授賞式での様子(本多さんと大学公式キャラクター ヨッチー) 本多 萌恵 さんのコメント
このたびは「ときめきのある研究」として、このような賞をいただくことができ、とても光栄です。本研究を進めるにあたって、辻先生をはじめとした辻研究室の皆さま、共同研究者の皆さまにはディスカッションのお時間をいただくなど、非常に多くのサポートを賜りました。心より御礼申し上げます。今回の受賞を励みに、今後も面白い研究にまい進してまいります。 指導教員 辻 寛之 教授のコメント
本多萌恵さん、イネワークショップでの受賞おめでとうございます! これまで本当にたくさんのイメージング実験などを積み重ねてこられたので、本多さんの発表がたくさんの方々が「ときめき」を持って受け取られたことをとてもうれしく思います。
また、今回のワークショップでは受賞されたイネの研究の口頭発表に加えて、理数マスターで理学部1年のときから取り組んできたナギイカダのポスター発表もされて、とてもすばらしいと思います。理数マスターの研究とイネの研究の二本立てでの発表は大変だったと思いますが、本当に丁寧に両方の準備をされたと思います。

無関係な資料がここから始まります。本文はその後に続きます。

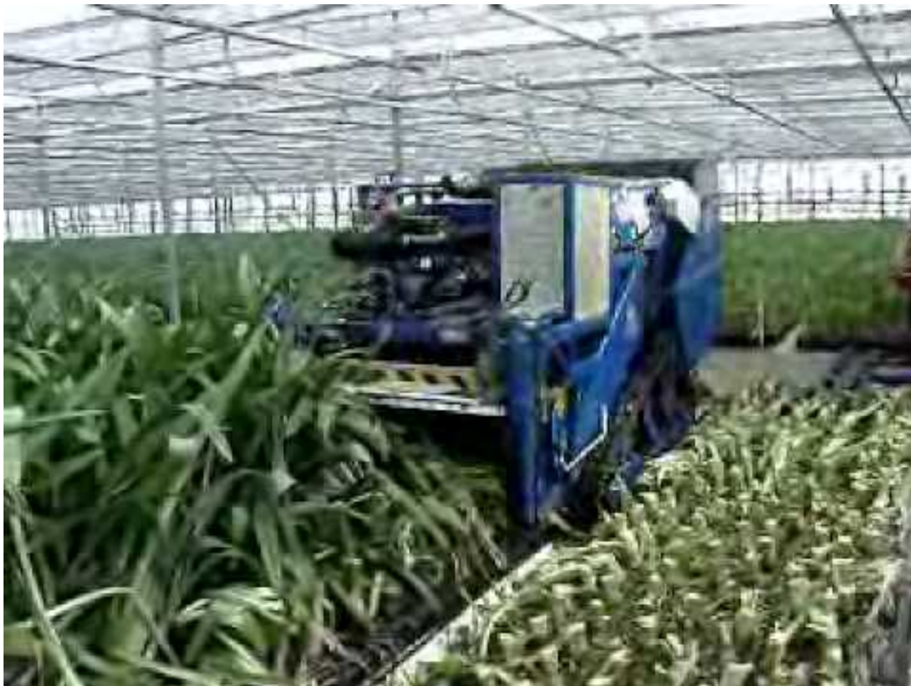
Amaryllis gewas met versnipperaar
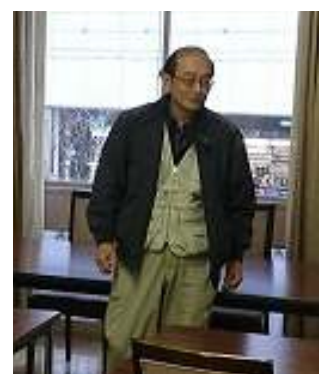
糸田川 幹事長からの激励

あらためて受賞おめでとうございます。これからもわくわくする研究をして、楽しいサイエンスの時間を紡いでいきましょう!

用語説明
*1 フロリゲン:茎頂メリステムで成長相転換を引き起こす因子。イネではHd3aと呼ばれる球状のタンパク質である。フロリゲンは植物が花をつけるのに適した季節を認識すると葉で合成され、維管束を通って茎の先端まで輸送され、茎頂メリステムにたどり着くと成長相転換を引き起こす。フロリゲンは植物の環境適応から農業生産まで極めて重要な役割を果たしていることから、その発生学的な働きを解明することで幅広い領域への貢献が期待されている。

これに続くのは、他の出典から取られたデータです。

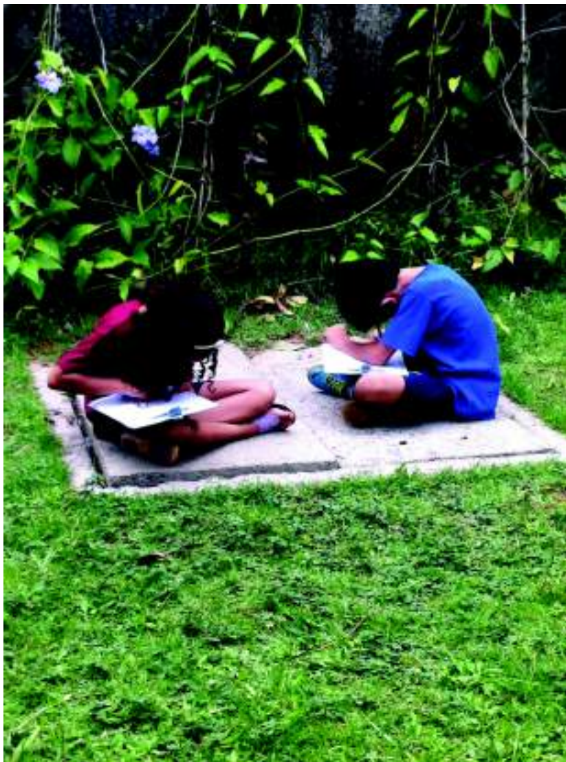
Fig. 1.

Nesse sentido, conceber a aula como uma atitude estética para além da obra de arte, no que chamarei de estética da docência, visaria criar essas fissuras no interior dos discursos dominantes e cristalizados da educação.
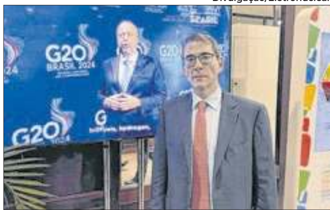
O evento discutiu sobre o futuro energético no mundo
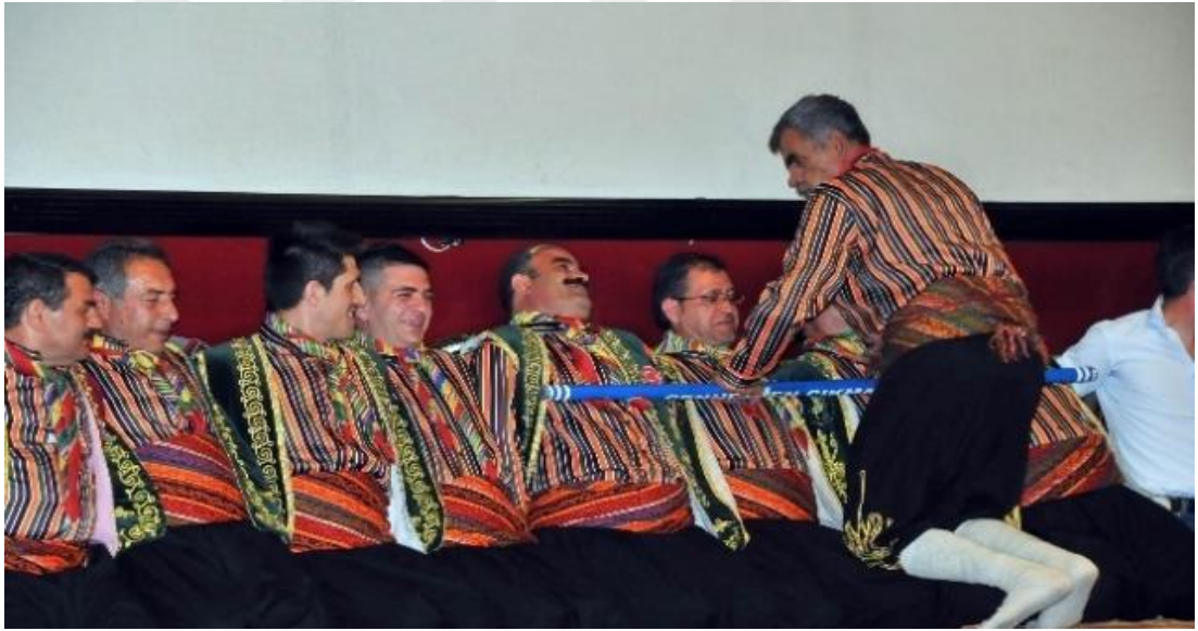
Şekil 3.5: Akşehir sıra yarenleri [75].

Sıra Yarenleri: Yarenlik, Türk kültür geleneğinde farklı isimlerle adlandırılan halk kültürü geleneği arasında yer almaktadır. Gençler başta olmak üzere bu geleneği benimsemiş olanlar birbirlerini genel olarak yaren olarak adlandırmakta ve bu şekilde hitap etmektedirler. Akşehir’de özellikle gençler sırası ile bir yarenin evinde oturarak genellikle saz çalarak eğlenmekte, bu ise Akşehir’de sıra yarenler olarak adlandırılmaktadır. Sıra yarenleri içerisinde bir yönetim kadrosu da oluşmakta, bunlar; çavuş, bölükbaşı, yaren ağası, kahya beyi ve yiğitbaşı olarak adlandırılmakta, rütbe almayanlar ise yaren olarak nitelendirilmektedir. Şekil 3.5 sıra yarenlerini göstermektedir.
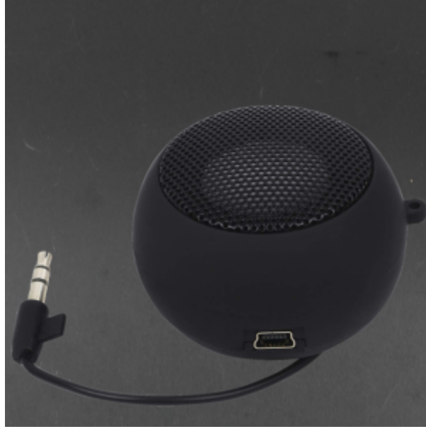
X1 1 مكبر صوت بمنفذ 3.5 مللي متر
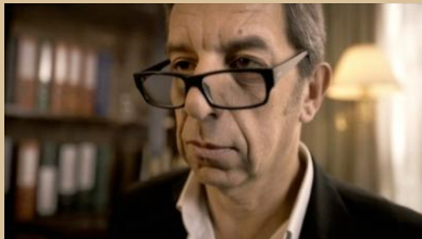
Diagnostic , de Fabrice Bracq

*2 茎頂メリステム(SAM):茎の先端にある直径わずか50ミクロンの極小の組織茎頂メリステムにある幹細胞と呼ばれる細胞群から細胞分裂で生じた細胞が成長すると花、茎、葉など植物の地上部すべての器官が形成される。

*3 成長相転換:植物が葉を作る状態から花を作る状態に変化すること。茎頂メリステムは発芽して以降、最初は、葉をつくり続ける「栄養成長相」であるが、その後、花をつくるのに適した季節の到来を感知すると、葉をつくるのをやめて花をつくる「生殖成長相」へ相転換する。成長相転換のタイミングの決定は、植物が個体として生き残るためにも種として生き残るためにももっとも重要なイベントであると同時に、人類の生存を支える農業生産のうえでも最重要なイベントである。